● **Your task**: Transcribe the listing below word for word but skip its images.

● **Record set**:
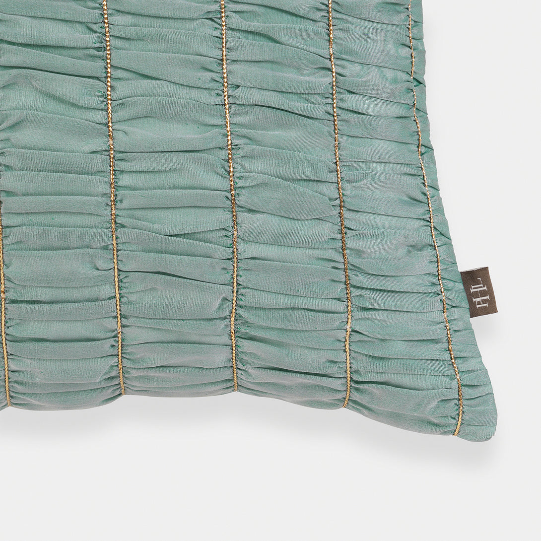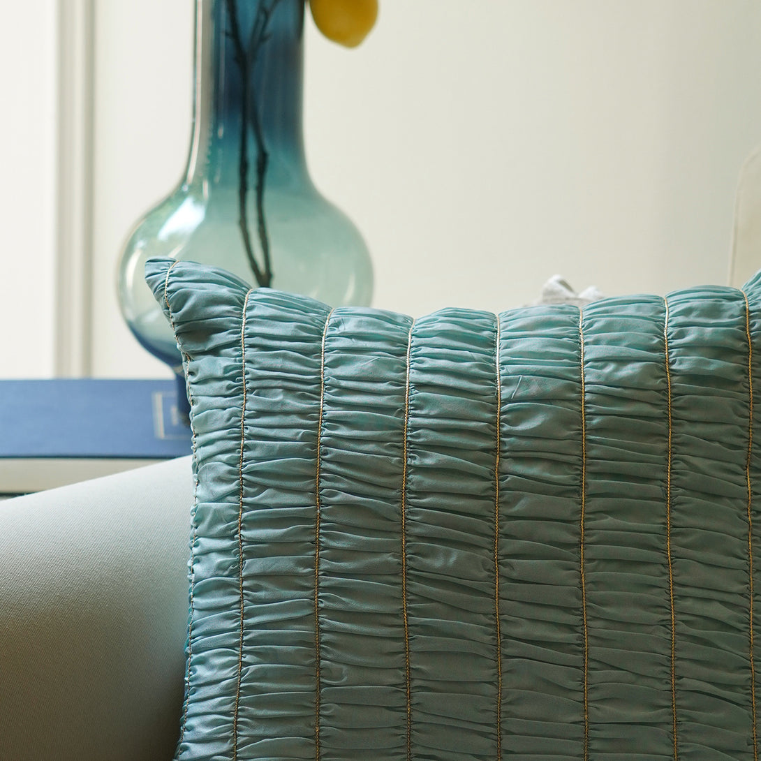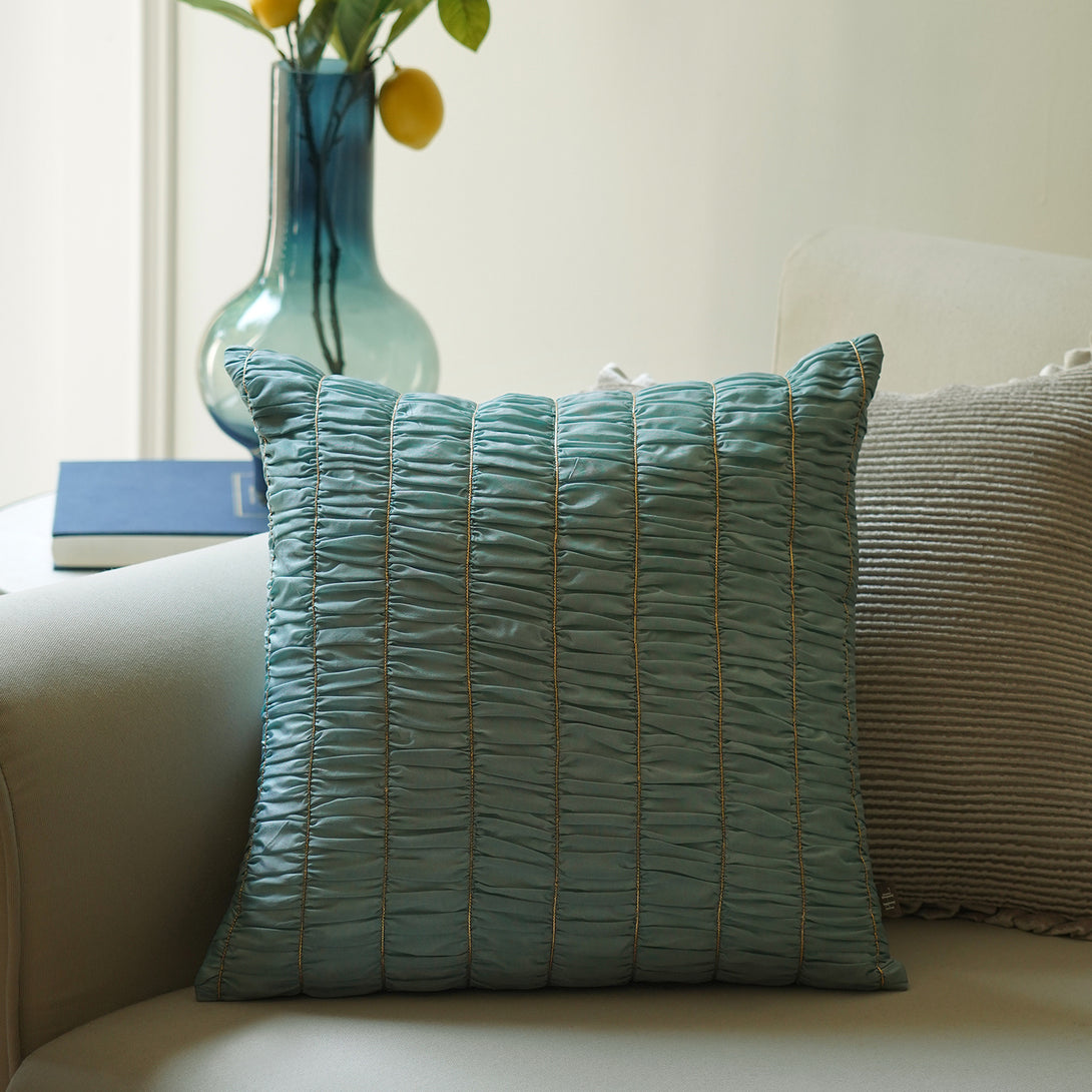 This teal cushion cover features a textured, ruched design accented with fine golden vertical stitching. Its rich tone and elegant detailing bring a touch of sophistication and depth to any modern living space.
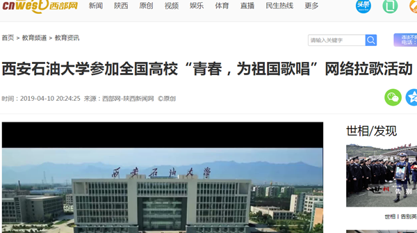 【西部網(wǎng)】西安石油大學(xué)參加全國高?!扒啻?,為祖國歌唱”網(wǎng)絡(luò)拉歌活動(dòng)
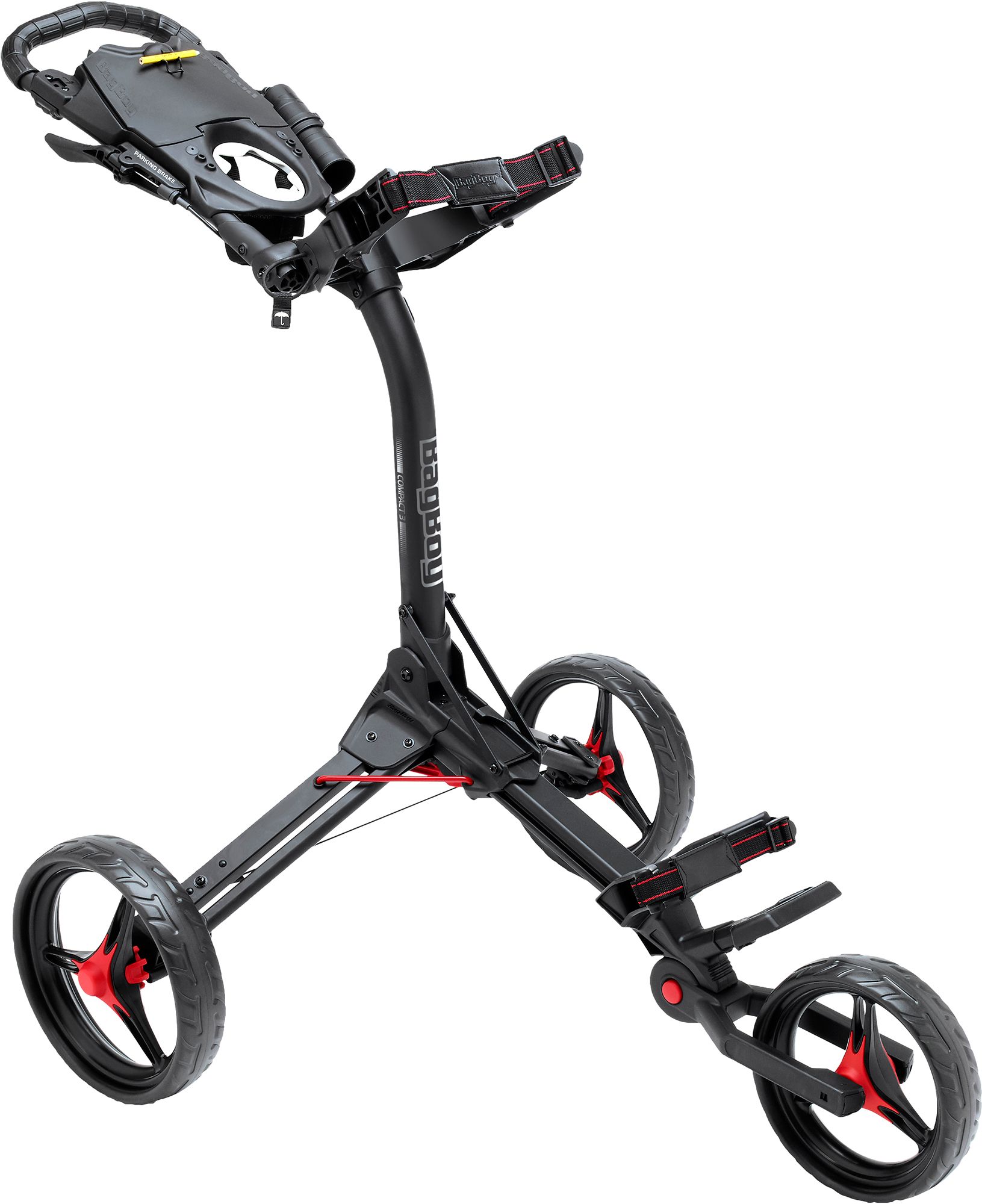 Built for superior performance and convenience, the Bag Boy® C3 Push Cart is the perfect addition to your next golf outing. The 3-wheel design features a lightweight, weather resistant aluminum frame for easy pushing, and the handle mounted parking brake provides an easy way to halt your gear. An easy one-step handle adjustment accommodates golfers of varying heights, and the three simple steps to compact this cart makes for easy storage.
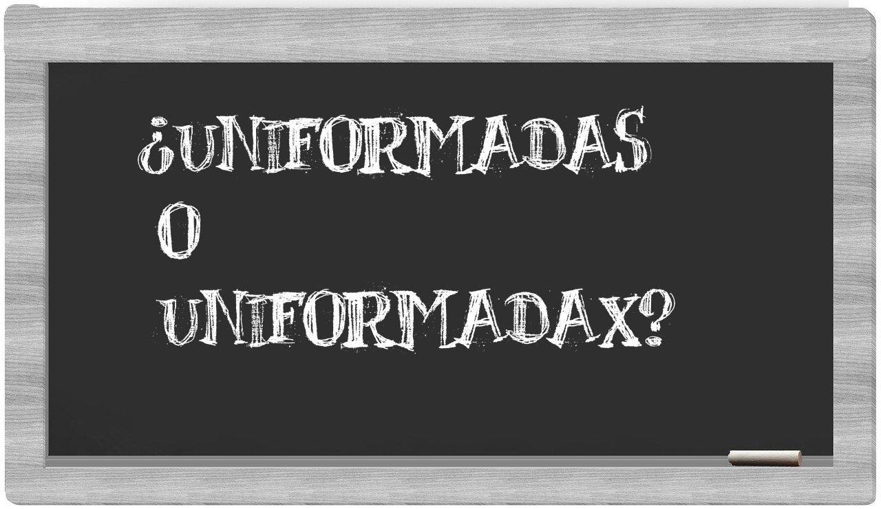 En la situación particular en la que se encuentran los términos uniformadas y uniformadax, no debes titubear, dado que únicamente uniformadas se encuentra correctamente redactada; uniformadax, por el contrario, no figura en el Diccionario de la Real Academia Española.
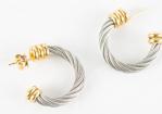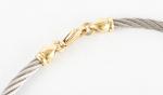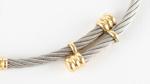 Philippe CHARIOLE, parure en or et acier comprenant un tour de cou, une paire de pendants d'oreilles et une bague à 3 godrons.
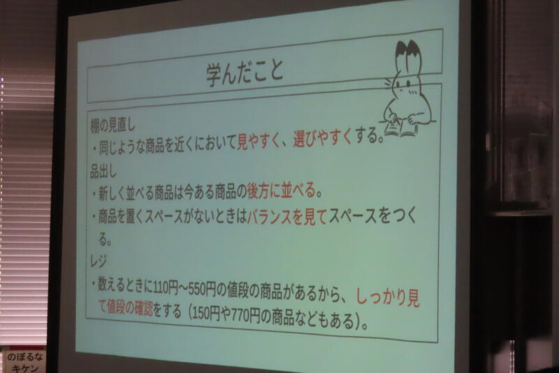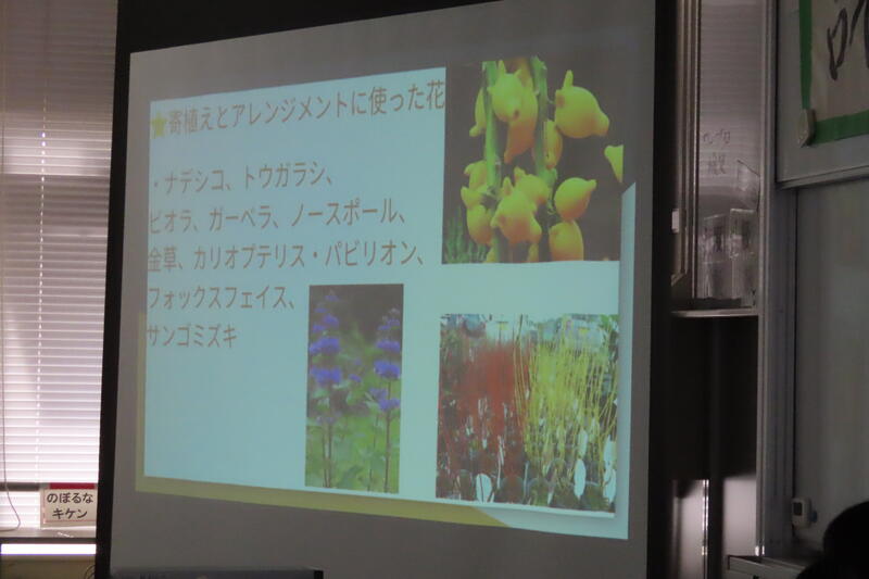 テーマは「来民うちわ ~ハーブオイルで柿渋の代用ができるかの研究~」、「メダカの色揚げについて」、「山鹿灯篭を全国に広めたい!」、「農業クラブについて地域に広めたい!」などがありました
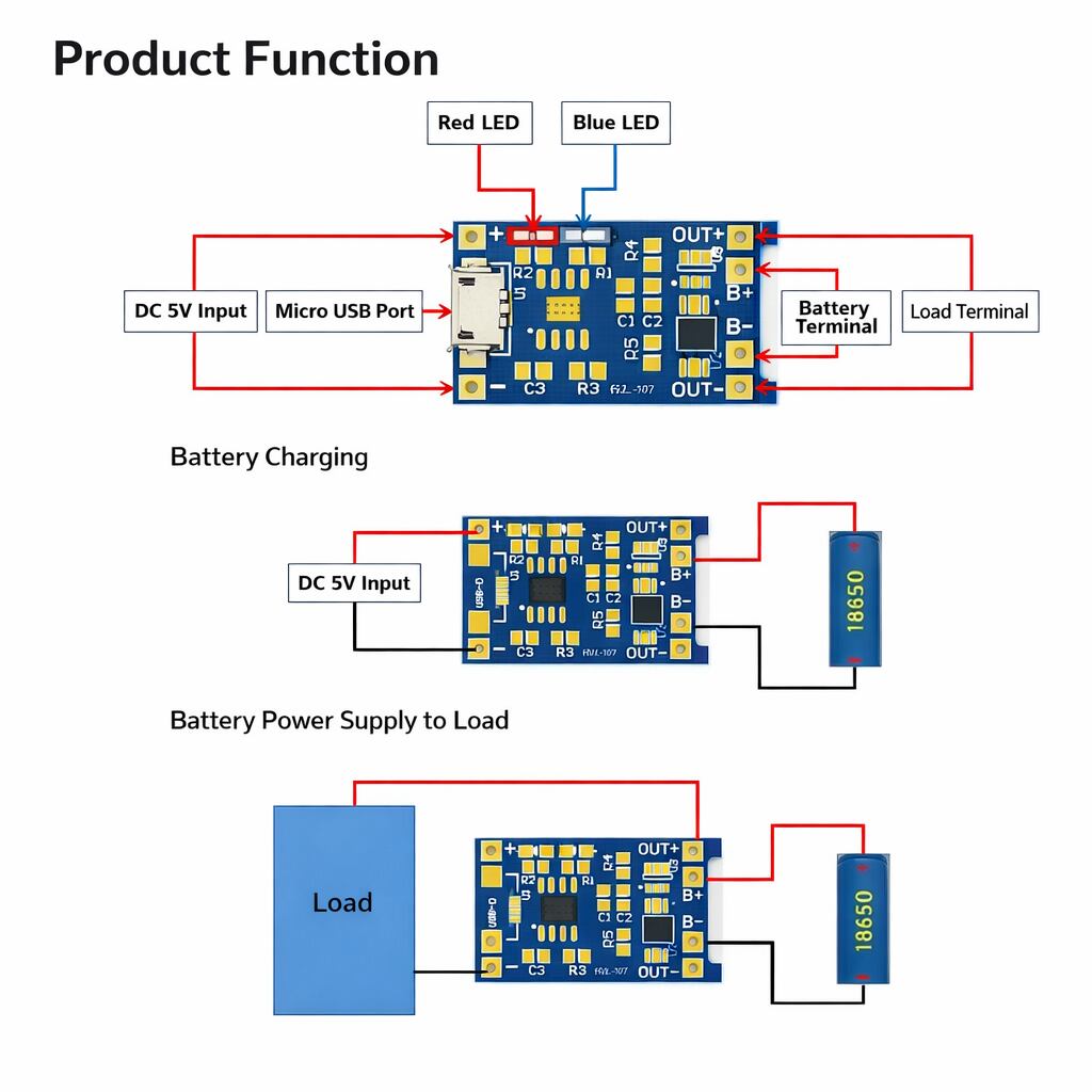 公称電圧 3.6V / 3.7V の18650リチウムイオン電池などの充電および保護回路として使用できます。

● **Expected output**:
 This teal cushion cover features a textured, ruched design accented with fine golden vertical stitching. Its rich tone and elegant detailing bring a touch of sophistication and depth to any modern living space.
 【西部網(wǎng)】西安石油大學(xué)參加全國高?!扒啻?,為祖國歌唱”網(wǎng)絡(luò)拉歌活動(dòng)
 Built for superior performance and convenience, the Bag Boy® C3 Push Cart is the perfect addition to your next golf outing. The 3-wheel design features a lightweight, weather resistant aluminum frame for easy pushing, and the handle mounted parking brake provides an easy way to halt your gear. An easy one-step handle adjustment accommodates golfers of varying heights, and the three simple steps to compact this cart makes for easy storage.
 En la situación particular en la que se encuentran los términos uniformadas y uniformadax, no debes titubear, dado que únicamente uniformadas se encuentra correctamente redactada; uniformadax, por el contrario, no figura en el Diccionario de la Real Academia Española.
 Philippe CHARIOLE, parure en or et acier comprenant un tour de cou, une paire de pendants d'oreilles et une bague à 3 godrons.
 テーマは「来民うちわ ~ハーブオイルで柿渋の代用ができるかの研究~」、「メダカの色揚げについて」、「山鹿灯篭を全国に広めたい!」、「農業クラブについて地域に広めたい!」などがありました
 公称電圧 3.6V / 3.7V の18650リチウムイオン電池などの充電および保護回路として使用できます。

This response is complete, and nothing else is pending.